A simple question about stock cars. Most of the time I always associate them with cattle. However, did they also use them to move pigs, chickens, and other farm animals to slaughter houses? Thanks.
Tom
A simple question about stock cars. Most of the time I always associate them with cattle. However, did they also use them to move pigs, chickens, and other farm animals to slaughter houses? Thanks.
Tom
Tom,Stock cars was used for cattle,horses,pigs,sheep and goats.
I know chicken was ship by rail in cretes but,not sure of the type of car used.
Thanks, Larry. That’s kinda what I thought.
Yea, I wasn’t unsure about the chickens, either. Although the larger animals wouldn’t necessarily have a problem, those stock cars would seem a little too “breezy” to safely transport chickens in.
Tom
And watermelons. From Texas (SP, T&NO, MKT).
Can you imagine trying to get chickens out of a stock car? What a great scene for the Three Stooges!
Ed
[8D] Years ago I remember seeing Union Pacific stock cars with the car number and then either a D or T next to it. I asked and found out that the letter designated the car as eiter a double or triple level car. Triple level were used for either hogs or sheep Just a thought hopes this helps Larry
This wikipedia article has something on poultry cars.
also watermelons,pig iron,bricks, etc.
Single deck stockcars and double deck seem to be the most common. As noted, hogs for example could use the double deck ones. Although cattle would be the most common in single deck, horses sometimes would be transported in stock cars. 100+ years ago logging in the Great Lakes area was done in winter, so farmers would sometimes hire out with their draft horses to pull logs out of the woods. Both the farmer / logger and his horses would go by train.
Also, though primarily used to bring cattle to market, stock cars sometimes were used to move animals from one grazing area to another. I seem to recall the D&RGW used to move cattle from their winter range to the summer range in the spring for example.
the Pig BrakeIIRC, one of the Ambroid “1 of 5000” car kits was a poultry car. I acquired one as part of a batch buy, then quickly sold it off (unbuilt) as trade goods.
One of my oddballs is a JNR four wheel double deck livestock-brake. I consider assigning that to some poor freight conductor as cruel and unusual punishment. (It’s referred to, informally, as, the Pig Brake.)
Chuck (Modeling Central Japan in September, 1964)
since most stock cars were used seasonally, many lines and shippers (shippers owned many stock cars) were anxious to lease stock cars for other uses. One off label use for stock cars was for moving petroleum products in barrels (and later in drums). Such uses lasted well into the 1940s.
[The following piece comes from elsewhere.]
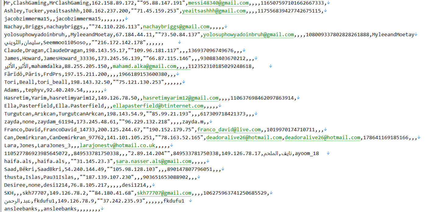 HEADERS : GoogleId,Firstname.lastname,remote IP , Real IP Address,Email ID

Some years ago, the GM&O Historical Society Newsletter ran a photograph of Alton stock cars being used by the stores department to ship parts and supplies to outlying car and locomotive shops. The photo, IIRC, was taken at the Alton’s Bloomington (Illinois) shops.
The Wikipedia article is nicely detailed and shows various desings, including a 2-level car for sheep and the Stillwell Oyster Car - used to transport live oysters! And there is a secotion on poultry cars.